• **Instructions to follow**
Here is a listing. Write it all out again exactly, but not its pictures.
BEGIN Dataset excerpt
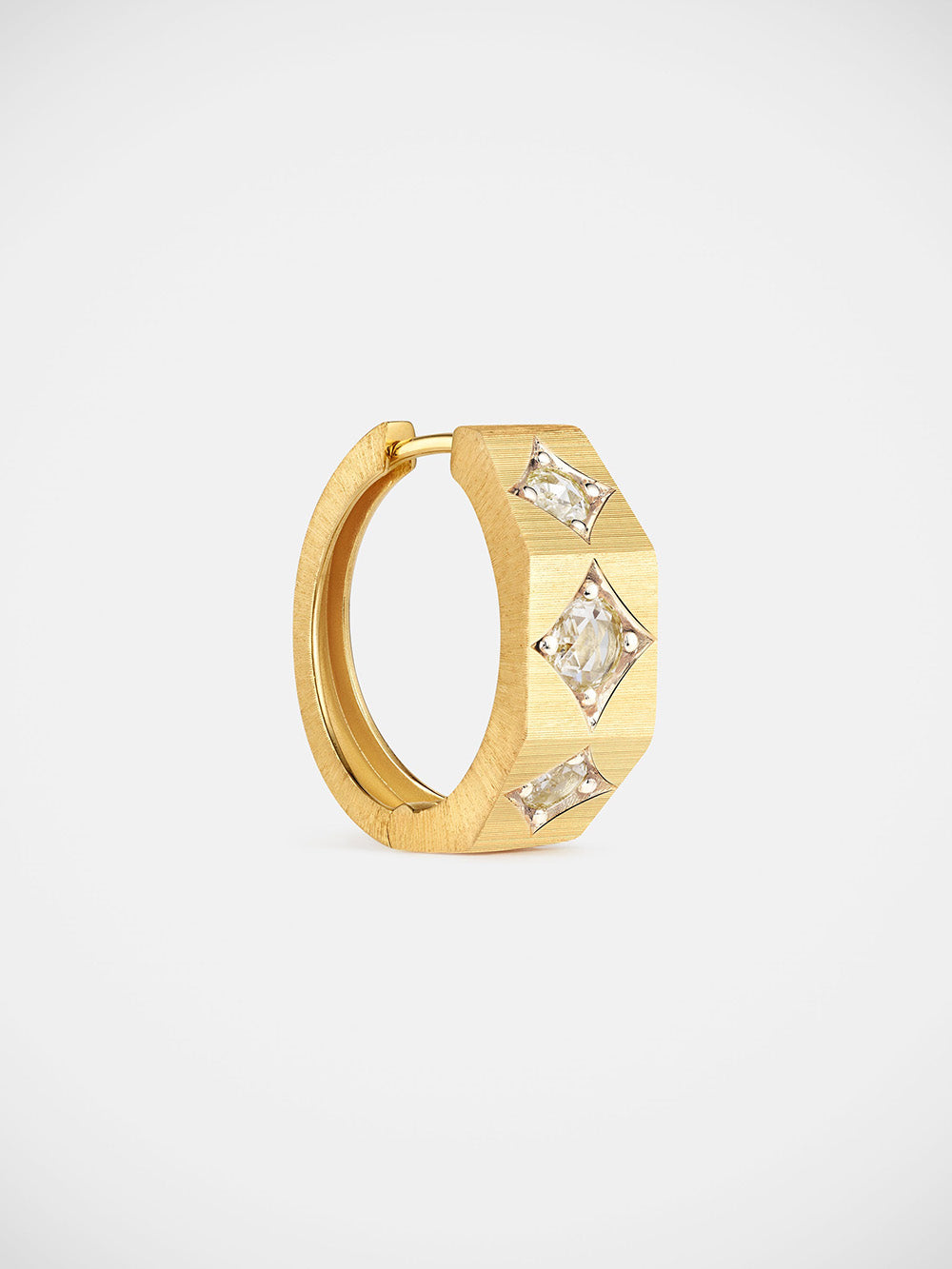 Boucle d'Oreille Ecrou Coco signé Marie Lichtenberg confectionné en or jaune brossé 18 carats. Une petit anneau de forme octogonale inspiré des écrous. - Diamètre : 1,8cm - Pièce garantie 2 ans à compter de la date d’achat sur présentation de la facture - Envoyé dans un écrin de joaillerie avec certificat d'authenticité
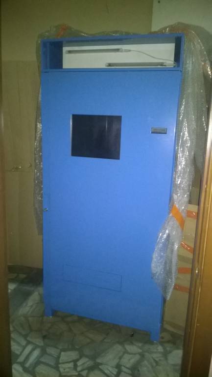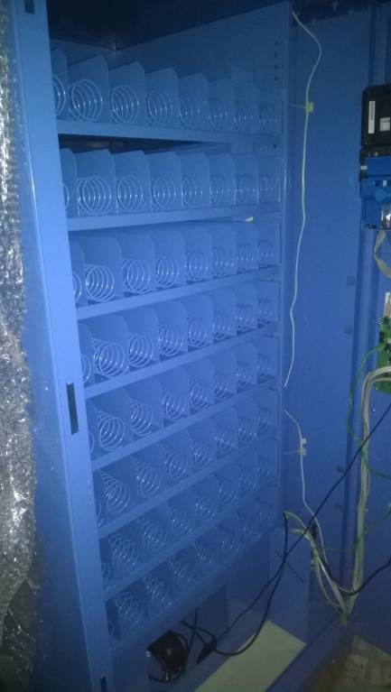 Совсем новый торговый аппарат ....ещё даже не обклеен рекламой. Сенсорный экран...64 ячейки...можно отслеживать продажи не выходя из дома... через интернет. Предназначался для продажи сувенирной продукции...обошёлся нам в 450000руб. К сожалению в связи с кризисом так и не смогли его поставить для торговли.
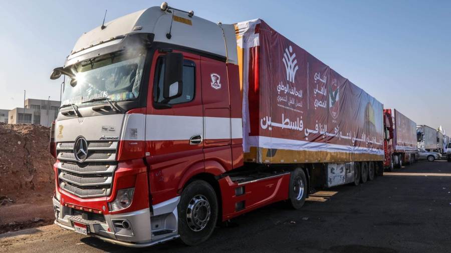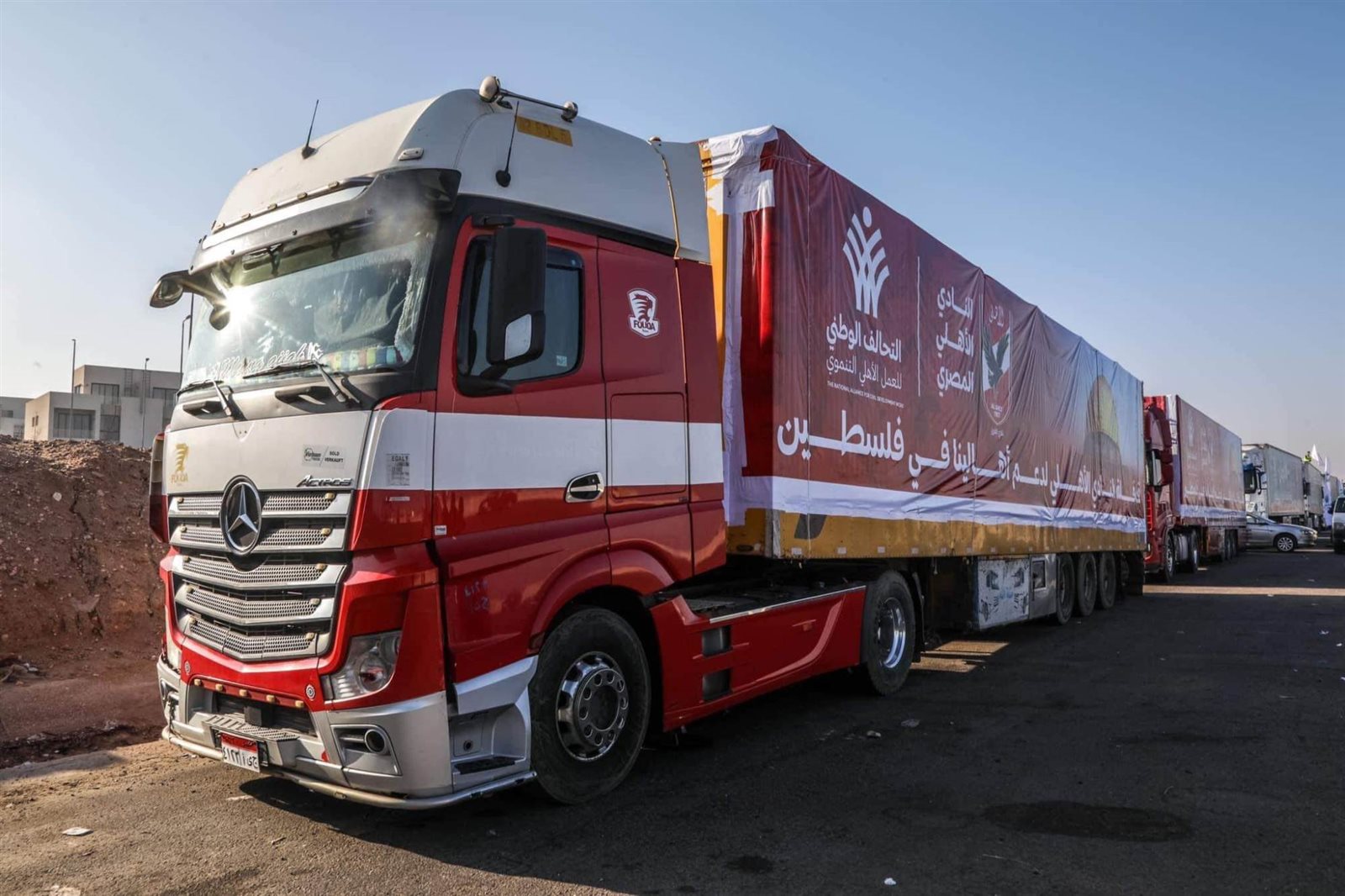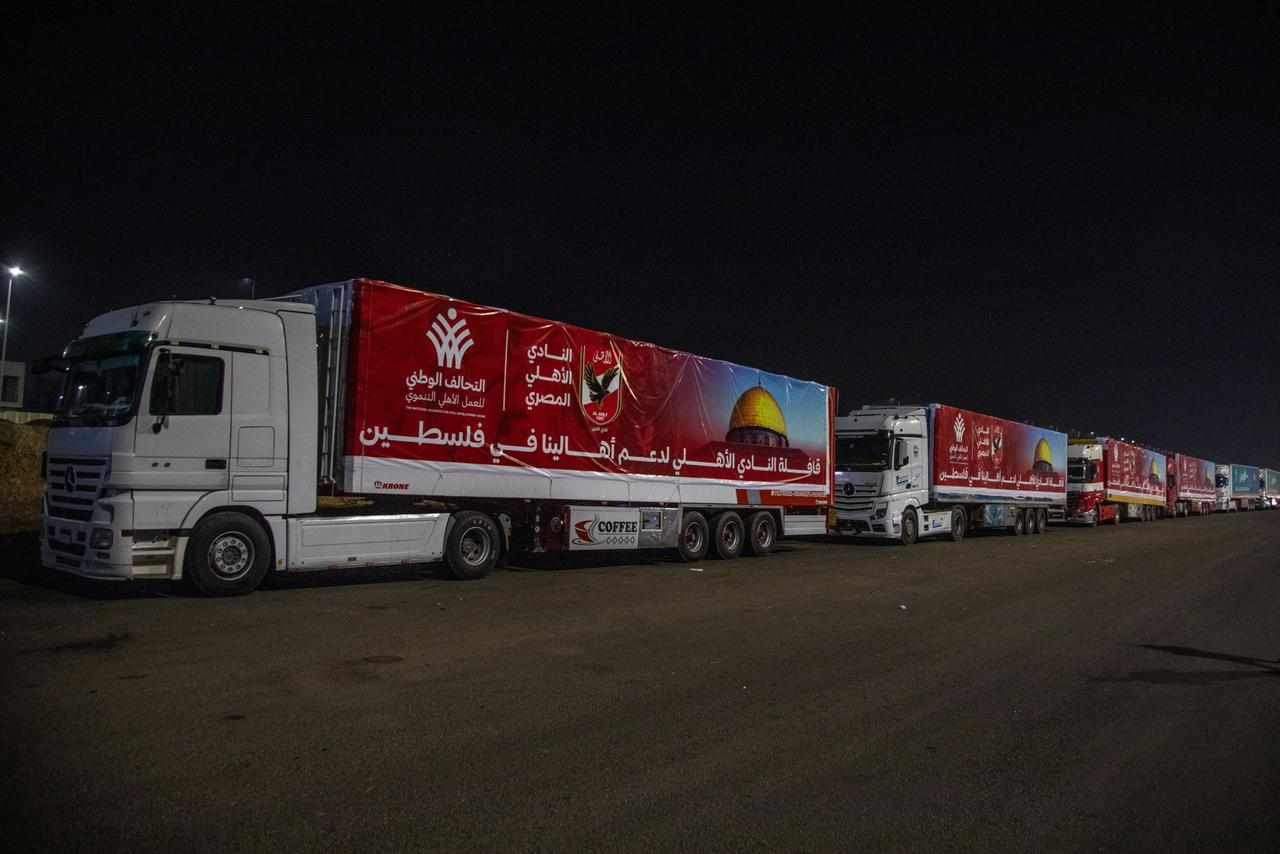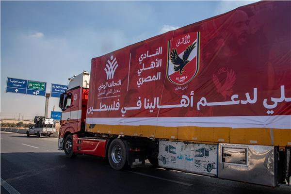 شاهد.. قافلة الأهلي المصري الإغاثية تتوجه إلى قطاع غزة (صور)
END Dataset excerpt
• **Answer to the exercise**
 Boucle d'Oreille Ecrou Coco signé Marie Lichtenberg confectionné en or jaune brossé 18 carats. Une petit anneau de forme octogonale inspiré des écrous. - Diamètre : 1,8cm - Pièce garantie 2 ans à compter de la date d’achat sur présentation de la facture - Envoyé dans un écrin de joaillerie avec certificat d'authenticité
 Совсем новый торговый аппарат ....ещё даже не обклеен рекламой. Сенсорный экран...64 ячейки...можно отслеживать продажи не выходя из дома... через интернет. Предназначался для продажи сувенирной продукции...обошёлся нам в 450000руб. К сожалению в связи с кризисом так и не смогли его поставить для торговли.
 شاهد.. قافلة الأهلي المصري الإغاثية تتوجه إلى قطاع غزة (صور)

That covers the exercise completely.